Task description:
Each entry below is to be restated word for word, with no pictures carried over.

Records shown:
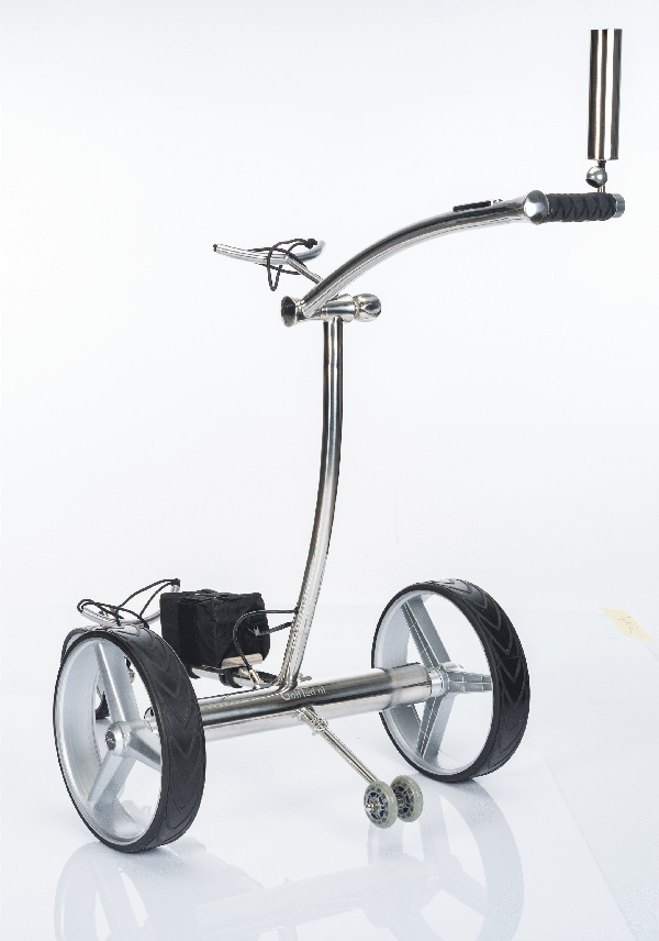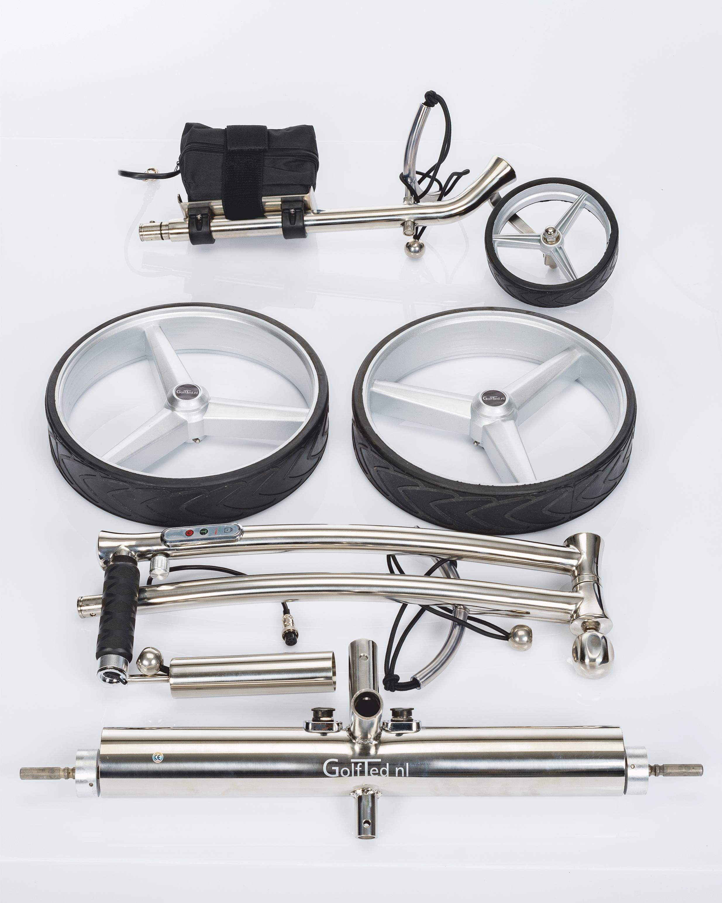 Prachtige golftrolley met een modern en strak uiterlijk. Gemaakt van hoogwaardig rvs, wind en weer bestendig. Twee krachtige motoren in de as zorgen ervoor dat u makkelijk en moeiteloos een golfronde kunt lopen. Met de lithium accu loopt men 36 holes. De trolley is makkelijk en snel in - en uit elkaar te halen. Het bestaat uit 5 onderdelen en is daarom als een compact pakket mee te nemen en neemt weinig ruimte in de auto of locker op de club. Kortom, een genot om mee te lopen en vele anderen kunnen dat beamen. Wij geven twee jaar garantie op de trolley en de accu.
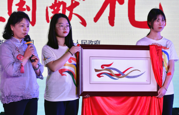 启动仪式上,由汉绣传承人王燕亲手完成的2019黄家湖龙舟文化节汉绣会徽也首次亮相。王燕介绍,这幅会徽是传统汉绣工艺与BB贝博艾弗森官方网站艺术创新的结晶,花了20天完成,还拿出了自己珍藏十多年的绿色金线,会徽采用汉绣盘金和丝线完成,针法采用汉绣独特的针法龙鳞蹦针,让画面看起来凹凸有致。从不同角度看,龙鳞都有一种在太阳照射下波光闪闪的感觉,五条龙仿佛在湖面畅游,划桨的人儿看上去拼劲了全力,画面栩栩如生。“军运会快到了,我还绣了很多军运会吉祥物兵兵,希望让更多人了解汉绣,了解武汉。”王燕说。
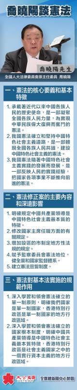 全國人大法律委員會原主任委員喬曉陽今日(21日)上午出席國家憲法高端論壇暨紀念《基本法》頒布二十八周年研討會,並向參加活動的香港各界人士宣講了憲法、憲法修正案以及憲法對基本法的規範作用等內容。喬曉陽講話有哪些要點,一圖帶你看。
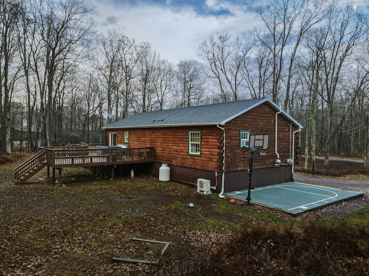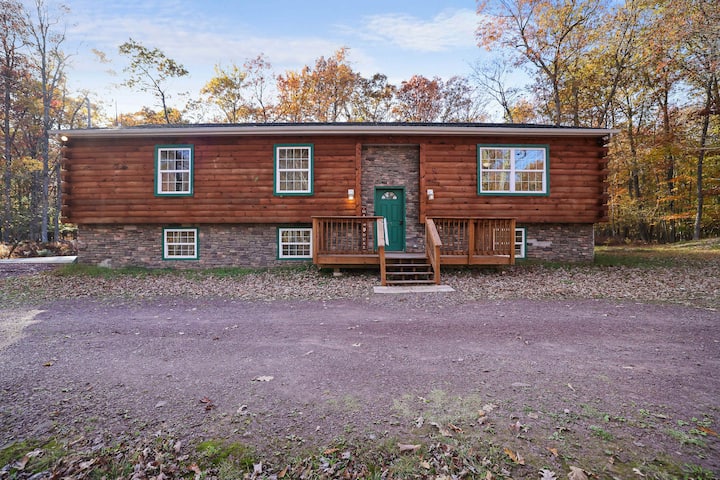הבית בסגנון בקתה בן 6 חדרי השינה נמצא במיקום מעולה ויש בו את כל מה שצריך כדי ליהנות מחופשה מדהימה בפרילנד, פנסילבניה!
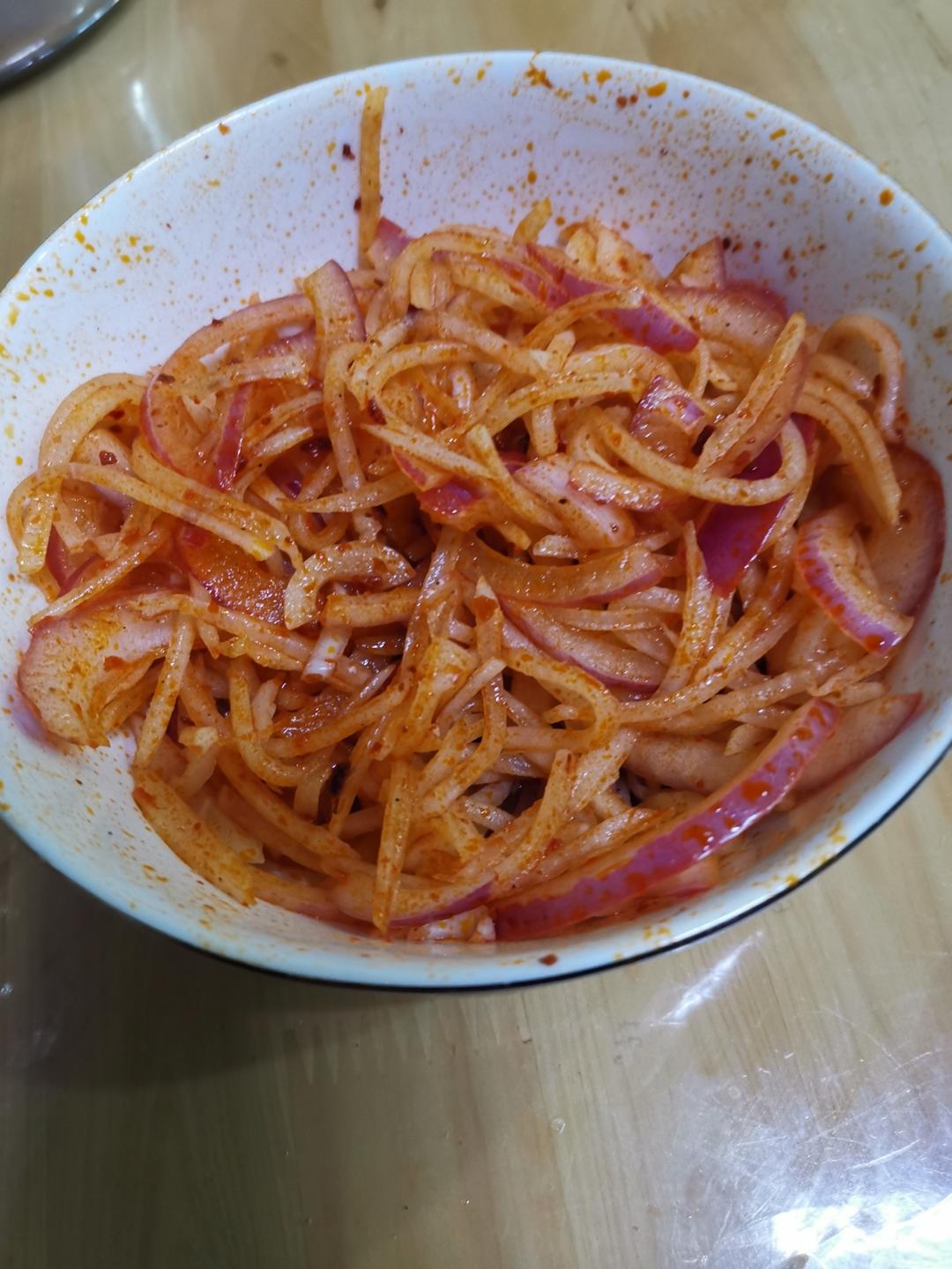做了简易版的:只放了盐,醋,花椒面,辣椒油
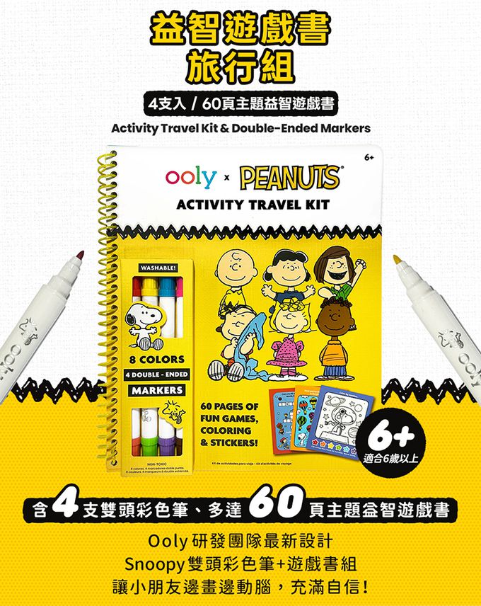 。整組包含4支雙頭彩色筆, 可呈現8種不同顏色, 及多達60頁的Snoopy主題益智遊戲書, 更加碼2頁可愛Snoopy貼紙.
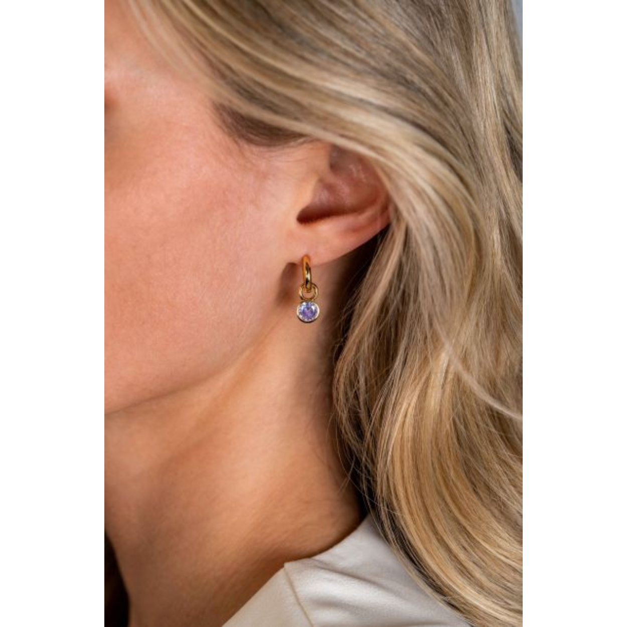 JUNI oorbedels gold plated maand met geboortesteen licht paars amethist zirconia (excl. oorringen)
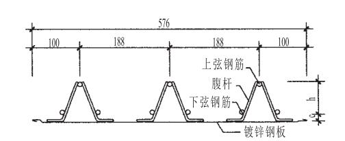 钢筋桁架楼承板是将混凝土板中的钢筋与施工模板组合为一体,组成一个在施工阶段能承受湿混凝土自重及施工荷载的承重构件,并作为钢梁的侧向支撑;在使用阶段钢筋桁架与混凝土共同工作,承受使用荷载。
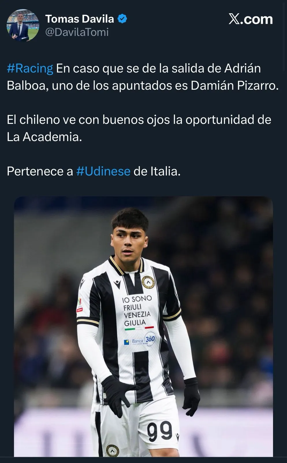 “Racing en caso de que se de la salida de Adrián Balboa, uno de los apuntados es Damián Pizarro. El chileno ve con buenos ojos la oportunidad de la Academia; pertenece al Udinese”, explicó.
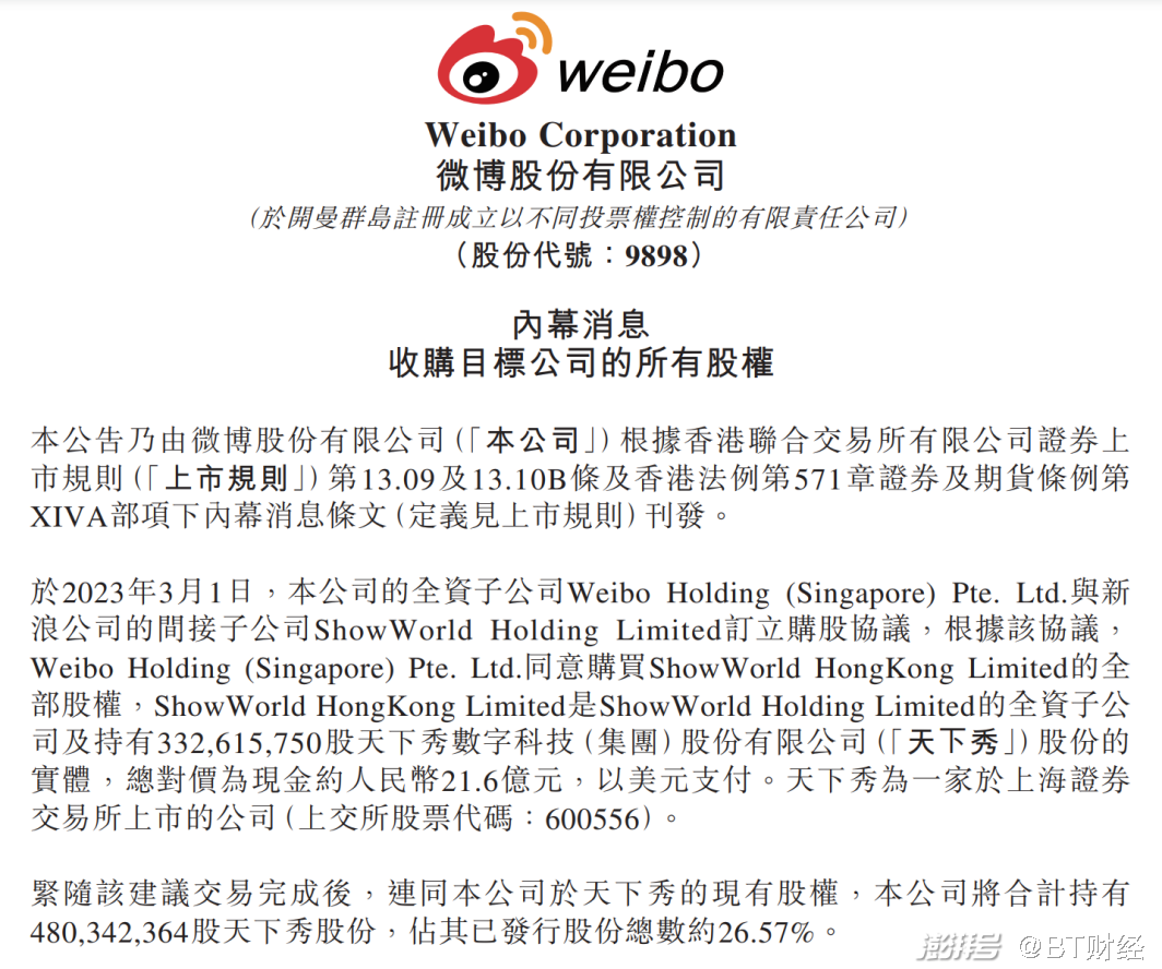 3月1日,微博发布公告称,公司斥资21.6亿元增持天下秀,交易完成后,总计持有后者26.57%的股权。

Result of this exercise:
 Prachtige golftrolley met een modern en strak uiterlijk. Gemaakt van hoogwaardig rvs, wind en weer bestendig. Twee krachtige motoren in de as zorgen ervoor dat u makkelijk en moeiteloos een golfronde kunt lopen. Met de lithium accu loopt men 36 holes. De trolley is makkelijk en snel in - en uit elkaar te halen. Het bestaat uit 5 onderdelen en is daarom als een compact pakket mee te nemen en neemt weinig ruimte in de auto of locker op de club. Kortom, een genot om mee te lopen en vele anderen kunnen dat beamen. Wij geven twee jaar garantie op de trolley en de accu.
 启动仪式上,由汉绣传承人王燕亲手完成的2019黄家湖龙舟文化节汉绣会徽也首次亮相。王燕介绍,这幅会徽是传统汉绣工艺与BB贝博艾弗森官方网站艺术创新的结晶,花了20天完成,还拿出了自己珍藏十多年的绿色金线,会徽采用汉绣盘金和丝线完成,针法采用汉绣独特的针法龙鳞蹦针,让画面看起来凹凸有致。从不同角度看,龙鳞都有一种在太阳照射下波光闪闪的感觉,五条龙仿佛在湖面畅游,划桨的人儿看上去拼劲了全力,画面栩栩如生。“军运会快到了,我还绣了很多军运会吉祥物兵兵,希望让更多人了解汉绣,了解武汉。”王燕说。
 全國人大法律委員會原主任委員喬曉陽今日(21日)上午出席國家憲法高端論壇暨紀念《基本法》頒布二十八周年研討會,並向參加活動的香港各界人士宣講了憲法、憲法修正案以及憲法對基本法的規範作用等內容。喬曉陽講話有哪些要點,一圖帶你看。
הבית בסגנון בקתה בן 6 חדרי השינה נמצא במיקום מעולה ויש בו את כל מה שצריך כדי ליהנות מחופשה מדהימה בפרילנד, פנסילבניה!
做了简易版的:只放了盐,醋,花椒面,辣椒油
 。整組包含4支雙頭彩色筆, 可呈現8種不同顏色, 及多達60頁的Snoopy主題益智遊戲書, 更加碼2頁可愛Snoopy貼紙.
 JUNI oorbedels gold plated maand met geboortesteen licht paars amethist zirconia (excl. oorringen)
 钢筋桁架楼承板是将混凝土板中的钢筋与施工模板组合为一体,组成一个在施工阶段能承受湿混凝土自重及施工荷载的承重构件,并作为钢梁的侧向支撑;在使用阶段钢筋桁架与混凝土共同工作,承受使用荷载。
 “Racing en caso de que se de la salida de Adrián Balboa, uno de los apuntados es Damián Pizarro. El chileno ve con buenos ojos la oportunidad de la Academia; pertenece al Udinese”, explicó.
 3月1日,微博发布公告称,公司斥资21.6亿元增持天下秀,交易完成后,总计持有后者26.57%的股权。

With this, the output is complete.